A DAUGHTER'S LOVE
John Guy (Fourth Estate, £25)
The martyrdom of Thomas More, Henry VIII's former Lord Chancellor and prisoner of faith, is well documented. But little is known about his daughter Margaret, who sustained him during the dark days in the Tower before his execution.
Margaret was an accomplished scholar in her own right, "an ornament of Britain", according to the great theologian Erasmus.
She was also courageous, secretly recovering her father's head from a traitor's pike on London Bridge and harbouring it until the time it could lie with her in her own grave.
Margaret's love for More, who went to the block for his resistance to the king's divorce and remarriage to Anne Boleyn, is sacrificial and enduring. Every chapter paints the bond between them in glorious yet tragic literary colours.

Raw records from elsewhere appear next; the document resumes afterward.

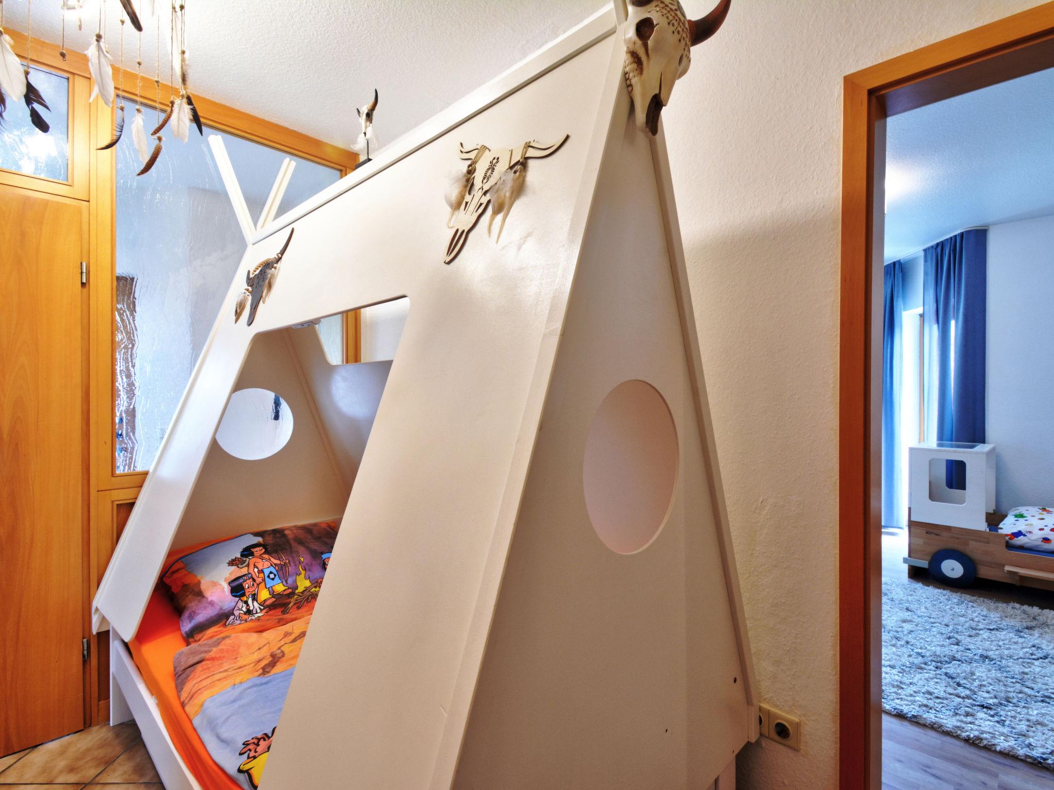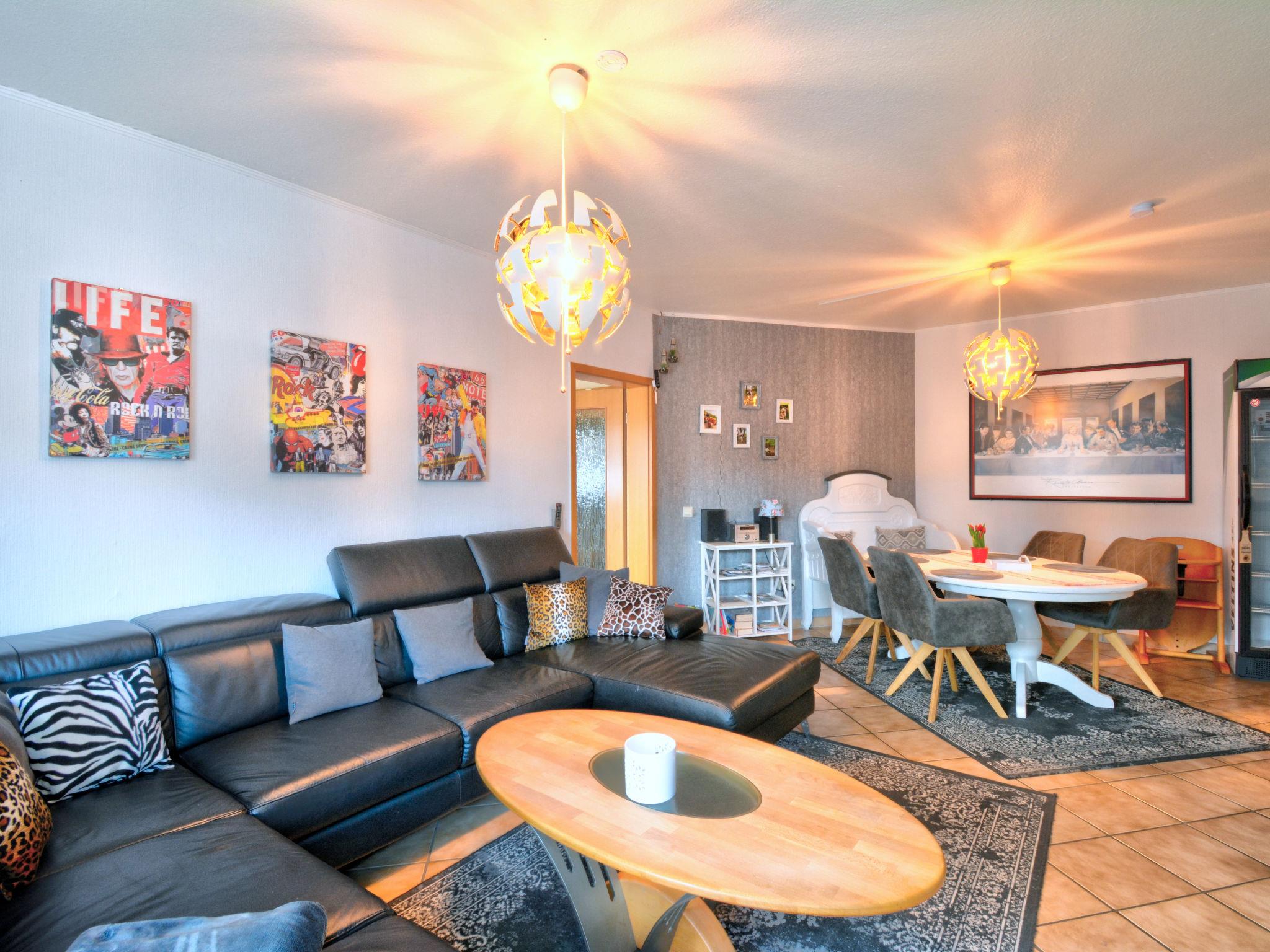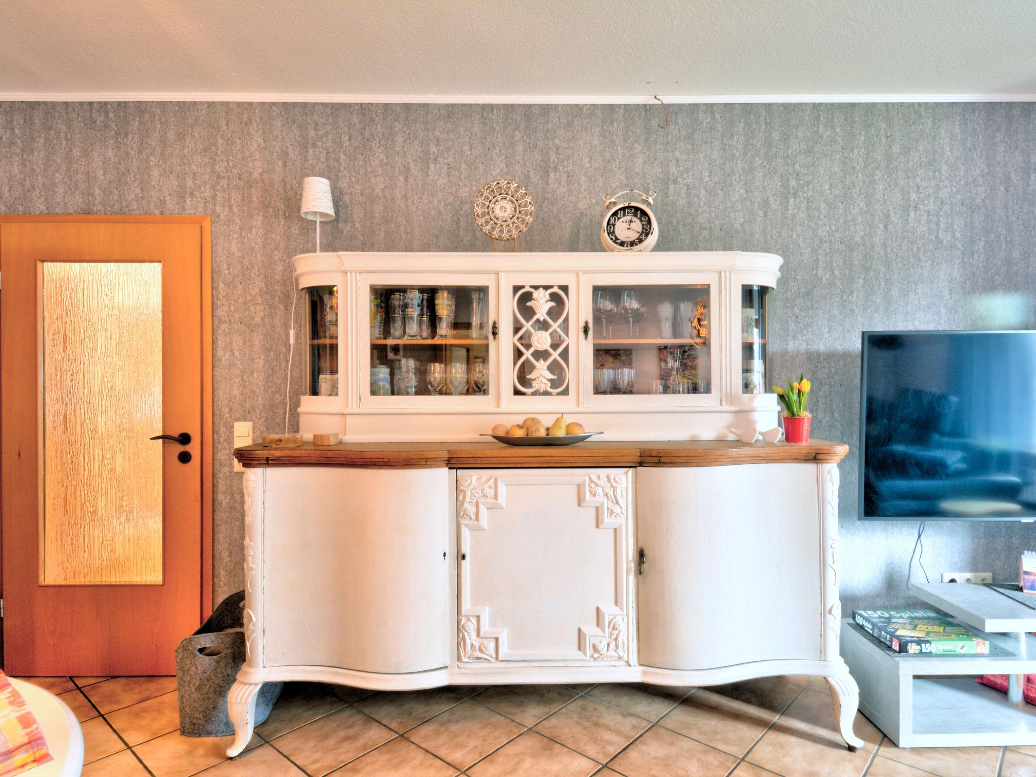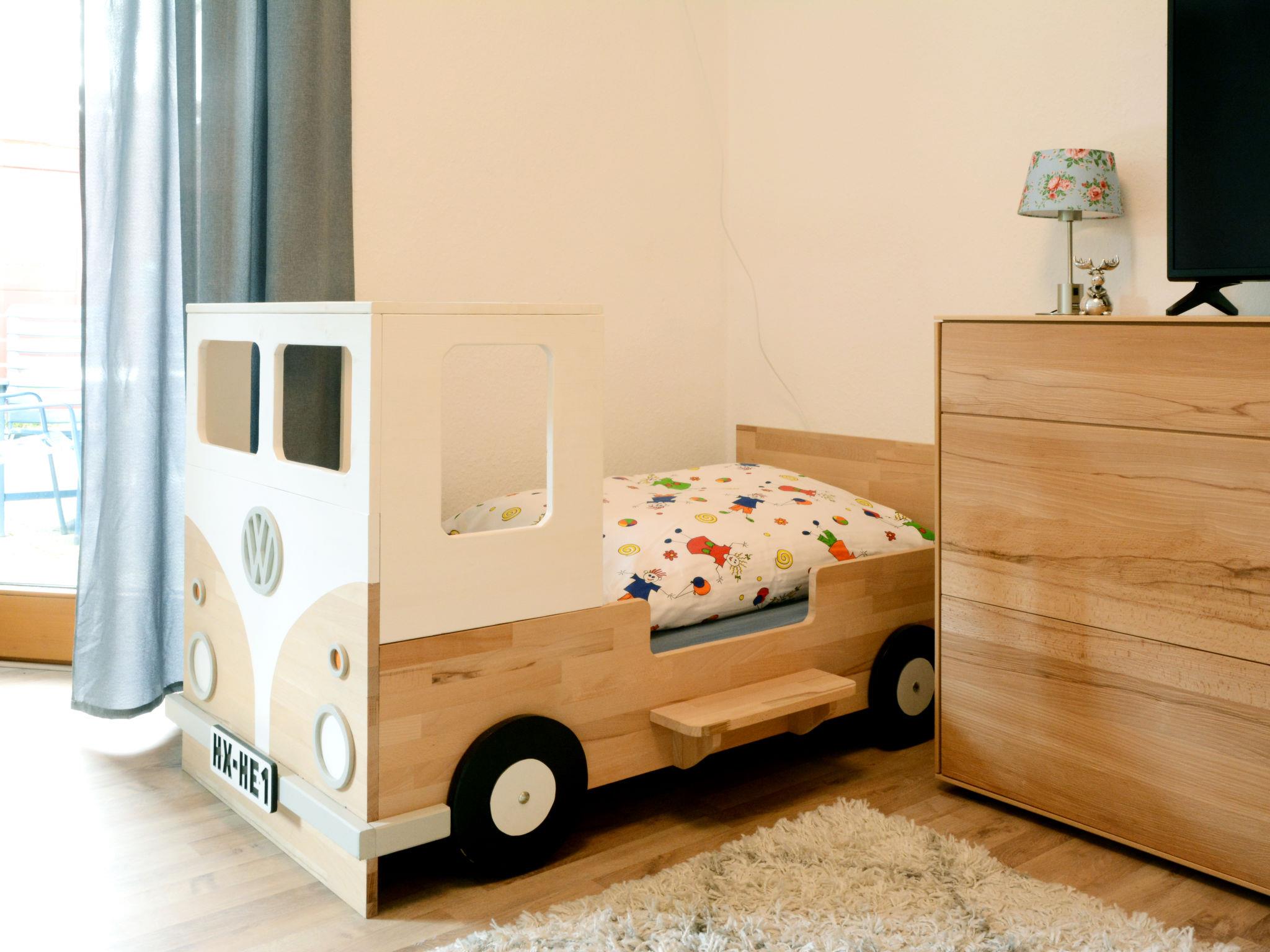 2-room apartment 85 m2, lower ground floor. Object suitable for 3 adults + 2 children. Comfortable and modern furnishings: entrance hall with 1 bed (90 cm, length 180 cm), 1 pull-out bed (1 pers. length 180 cm). Living/dining room 28 m2 with satellite TV (flat screen), hi-fi system. Exit to the terrace. 1 room with 1 bed (70 cm, length 140 cm), 1 double bed (180 cm, length 200 cm), satellite TV (flat screen). Exit to the terrace. Kitchen 11 m2 (oven, dishwasher, 4 ceramic glass hob hotplates, microwave, electric coffee machine) with small bar, radio. Bath/shower/WC with corner bath. Terrace 10 m2. Terrace furniture, deck chairs (2), box-room. Facilities: washing machine, sauna, children's high chair, baby changing unit. Internet (WiFi, free). Please note: non-smokers only. Maximum 1 pet/ dog allowed. Smoke alarm, fire extinguisher. The nursery is a walk-through room. The sauna is an infrared heating cabin. Storage room for bicycles available. Maximum occupancy: 3 adults and 2 children. Bookings accepted for holiday purposes only.
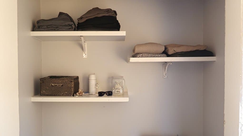 Mounting wall-mounted shelves is an excellent way to maximize storage space in your closet without cluttering the floor. Start by measuring the available wall space and choosing shelves that fit both the dimensions and your aesthetic preferences. Use a stud finder to locate studs in the wall for secure mounting, or use wall anchors if studs are not available, guaranteeing the shelves can hold the weight of your items.
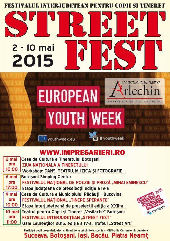 Cu acest prilej aceştia au dat startul şi la a patra ediţie a Festivalului Interjudetean pentru copii si tineret “STREET FEST” care se va desfăşura sub forma unei caravane culturale a tinerilor artişti din judeţele Botoşani, Suceava, Bacău, Iaşi şi Piatra Neamţ. In cadrul proiectului va fi sărbătorită “Săptămâna Europeană a Tineretului” prin organizarea la sediul asociaţiei şi în locaţiile partenerilor de proiect a mai multor workshop-uri tematice: dans, teatru, muzica, pantomima, modelling, fotografie, teatru de moda.
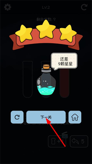 3、完成所有液体的分类后,关卡达成目标,可以获得对应的星级评价,积累通关的星星奖励。
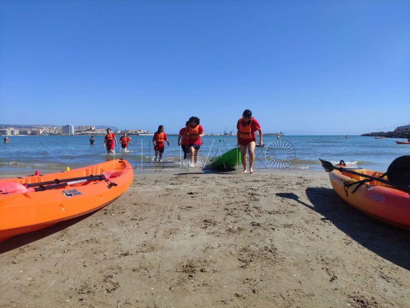 Mario, monitor responsable de la actividad, explica el reto en el que participarán 6 jóvenes por cada equipo. Se trata de arrastrar la embarcación desde la arena al mar, llegar a una de las boyas situadas al final del recorrido, rodearla y regresar remando. Una vez la embarcación llega a la orilla hay que disponerla de nuevo en su lugar fuera del agua y, entonces sí, se puede ir a ayudar a los compañeros que siguen en el mar. La norma implica activar un cronómetro antes de echarse al mar y pararlo cuando el último de los concursantes haya llegado a la orilla y situado el kayak en su lugar de origen. Manuel Soria, presidente de Travel Kayak Melilla es uno de los cinco colaboradores especializados en este deporte que han participado en el encuentro.
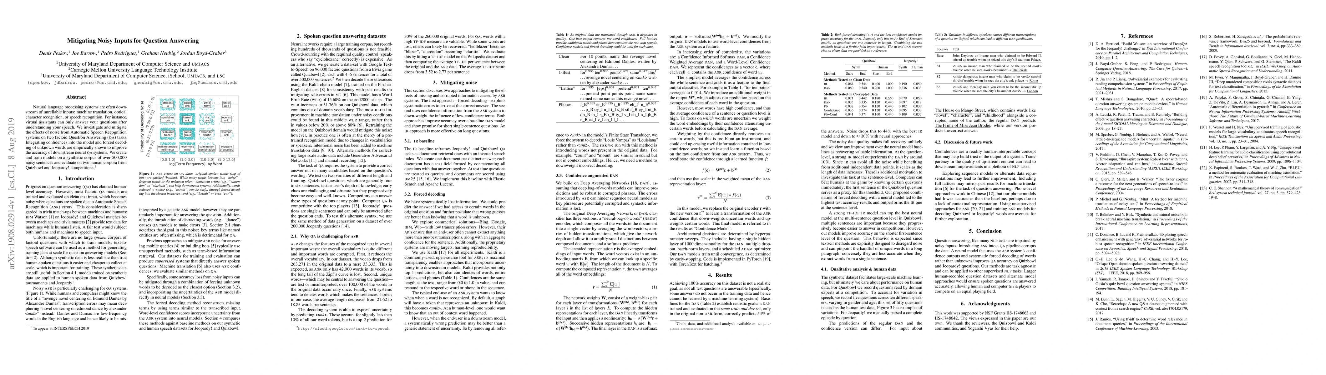 Natural language processing systems are often downstream of unreliable inputs: machine translation, optical character recognition, or speech recognition. For instance, virtual assistants can only answer your questions after understanding your speech. We investigate and mitigate the effects of noise from Automatic Speech Recognition systems on two factoid Question Answering (QA) tasks. Integrating confidences into the model and forced decoding of unknown words are empirically shown to improve the accuracy of downstream neural QA systems. We create and train models on a synthetic corpus of over 500,000 noisy sentences and evaluate on two human corpora from Quizbowl and Jeopardy! competitions.
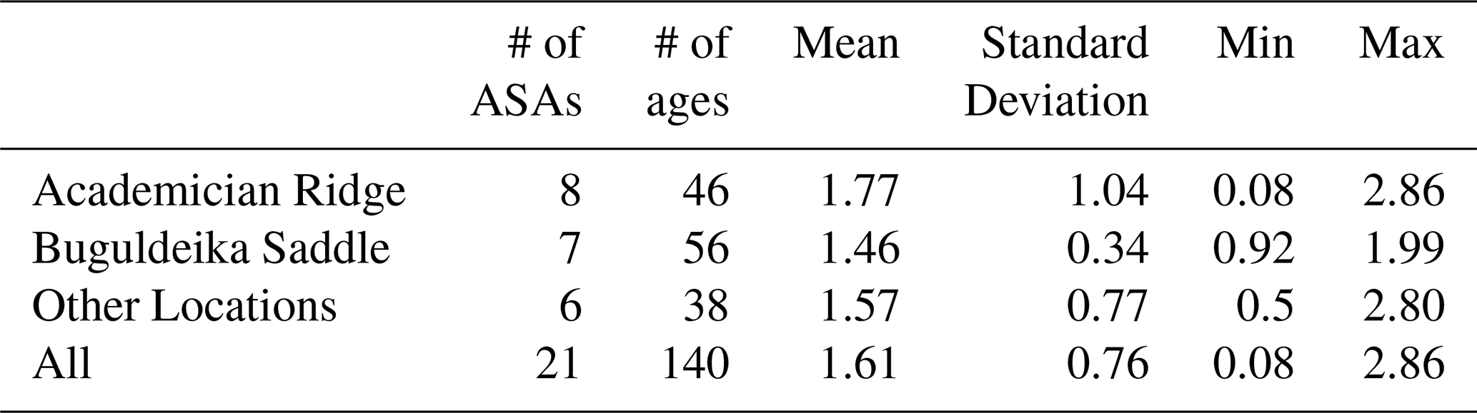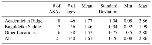 Our results have a mean and standard deviation of 1.61 ± 0.76 14C kyr BP (Table 5; Fig. 5). The median estimate is similar to the mean, at 1.50 14C kyr BP and a Shapiro-Wilk test returns a p-value of 0.69, suggesting it would be reasonable to consider the results normally distributed. The means for Buguldeika Saddle, Academician Ridge, and for all other locations are similar to the mean of the entire lake (Fig. 5). The minimum and maximum ASA estimates are 0.08 and 2.86 14C kyr BP respectively, both from Academician Ridge, providing a very large range. The Buguldeika Saddle region provides a much less variable set of ASA estimates than Academician Ridge.
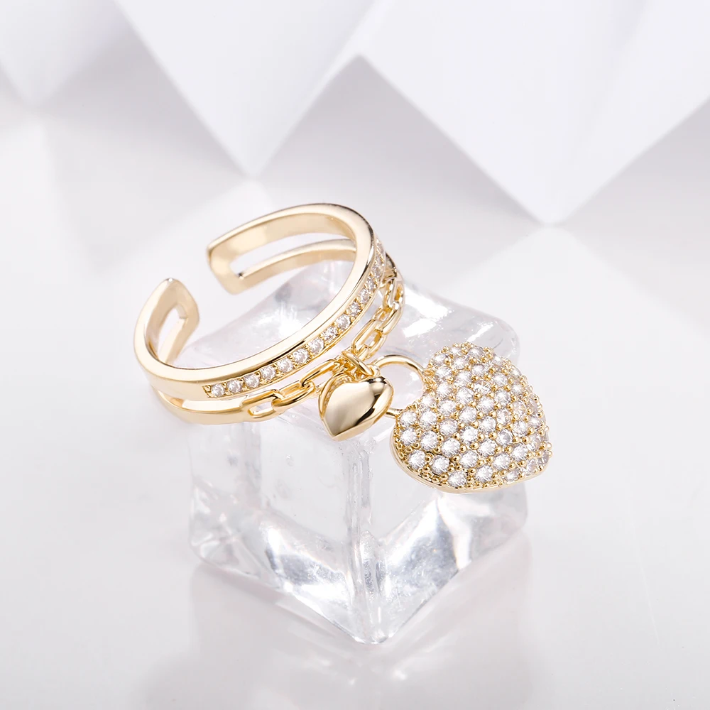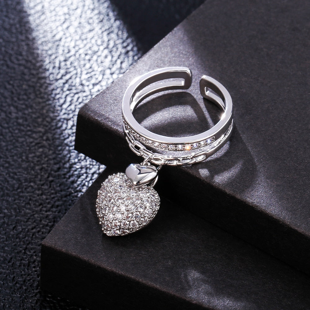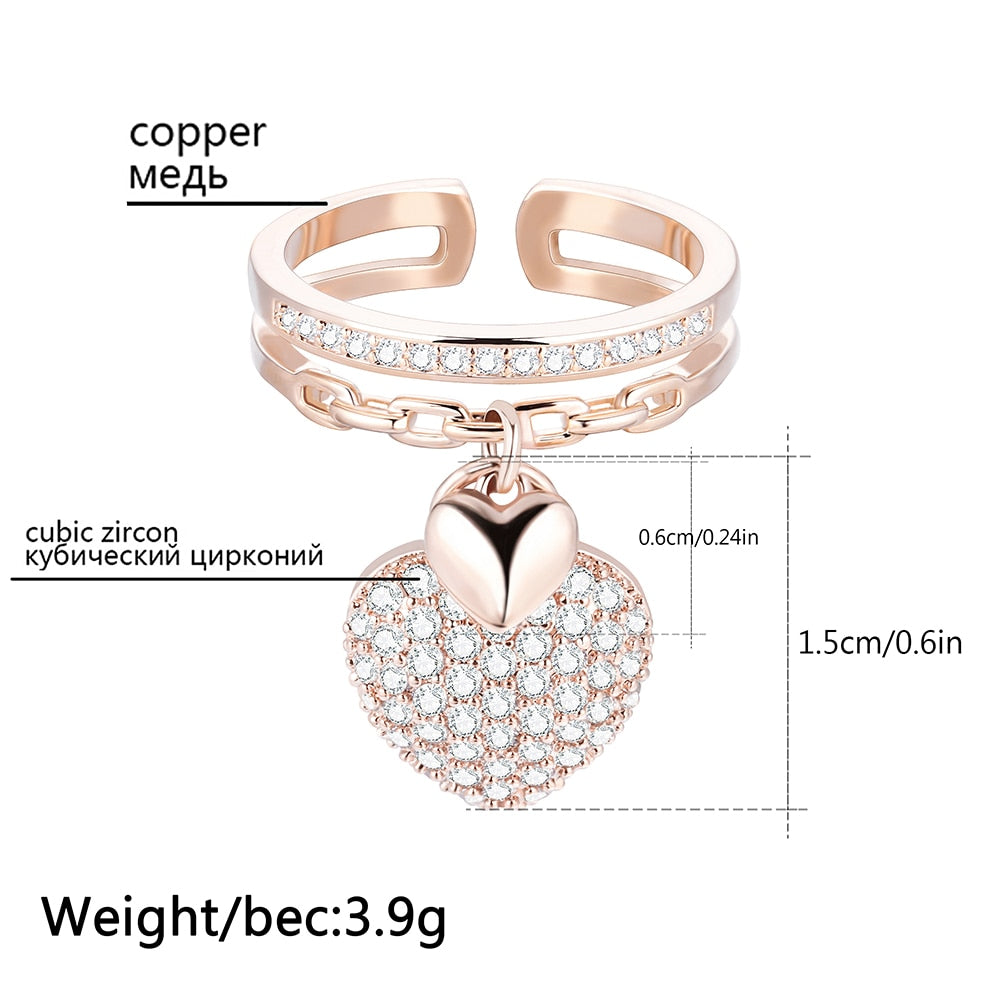 Rose Gold Silvery Heart Pendant Zircon Rings For Women Adjustable Engagement Promise Finger Ring Female Wedding Jewelry 2022
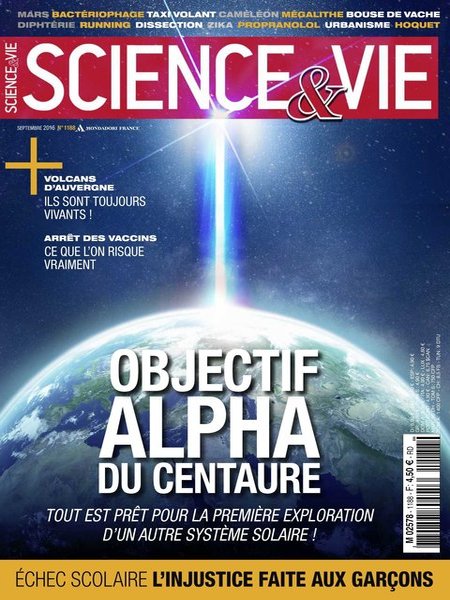 septembre 2016 – 128 pages• Avant-propos • FORUM ACTUS • Labos : Le cerveau adulte affiche un étonnant dynamisme – Mars aurait acquis ses lunes à la suite d’un choc géant – Pour séduire, le paon fait briller ses « yeux »… • Environnement : Depuis trente ans, la Terre verdit grâce aux émissions de CO2 – Un vrai modèle de gestion des coraux a été mis au point… • Médecine : Un vaccin cible à la fois la dengue et Zika – Une nouvelle écriture pour les malvoyants… • Technos : Une salamandre artificielle qui rampe, marche et nage – Un logiciel imprime des cheveux en 3D… ÉVÈNEMENT • ÉCHEC SCOLAIRE : L’injustice faite aux garçons À LA UNE • Objectif : Alpha du Centaure ! • 12 défis pour réaliser l’exploit • Une occasion de rejouer Apollo ? SCIENCE & DÉCOUVERTES • ÉVOLUTION : Plumes, poils, écailles… : une même origine • BIOLOGIE : Pollution lumineuse : les lumières de la ville sèment la pagaille chez les arbres • GÉOLOGIE : Volcans d’Auvergne : ils sont bien vivants • ENVIRONNEMENT : Microplastiques : l’invasion SCIENCE & TECHNIQUES • DIPHTÉRIE, TÉTANOS, POLIO : Et si on arrêtait de se vacciner • ATTENTATS : Un médicalment pour aider à oublier • BIOCARBURANTS : Les chiffres qui accablent SCIENCE & FUTUR • L’urbanisme prend pour modèle le millefeuille – Des ordinateurs se recyclent dans des bidons – Des villages qui visent l’autosuffisance énergétique et alimentaire – Un ciment luminescent éclaire la route de nuit – Un vaisseau monoplace facilitera les sorties dans l’espace – Un récif corallien imprimé régénère la faune et la flore – Bientôt, les taxis voleront au-dessus de l’eau… LA SCIENCE & LA VIE • Science & société • SUCCÈS DU RUNNING : Nous sommes nés pour courir • ARGENT ET ESPÉRANCE DE VIE : Gagner au loto ne fait pas vivre en meilleure santé • FIN DE LA DISSECTION À L’ÉCOLE : Une confrontation avec le réel irremplaçable • INÉGALITÉS DE SANTÉ : Plus de 7 % des Français sont à plus de 7 minutes d’un médecin • Science & vie pratique • BON À SAVOIR • TECHNOFOLIES : Une oreillette qui abolit la barrière des langues – La balance qui surveille aussi votre santé cardiaque – Un gant pour traduire les gestes en musique – Un siège auto ultraléger et ultrasolide… • Science & culture • QUESTIONS / RÉPONSES : Pourquoi les chevaux ont-ils besoin de fers ? – Comment le corps produit-il sa chaleur ? Quel est le bruit maximal possible ? • À VOIR / À LIRE • IL Y A… 170 ans : Johann Gottfried Galle découvre la planète Neptune |
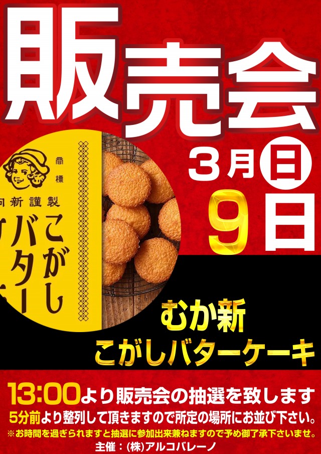 3月9日(日)【こがしバターケーキ販売会開催予定】🌈

Guy's dual biography is marvellously evocative of the Tudor era.
If More's open fear of death, challenged by his conscience, does not make this a great book, then his daughter's loyalty — shown in such perverse ways as washing her father's penitential hair shirt — ensures it is one of the most poignant.
Guy makes it clear that were it not for Margaret's rescue and protection of the letters between them — More used charcoal from the fire to open his "secret heart" to her and therefore to posterity — his legacy would have been buried with him.
As it was, she opened up a new dimension of the man who defied tyranny with a virtuoso perfomance at his trial, declaiming on the scaffold that he was "the king's servant, but God's first".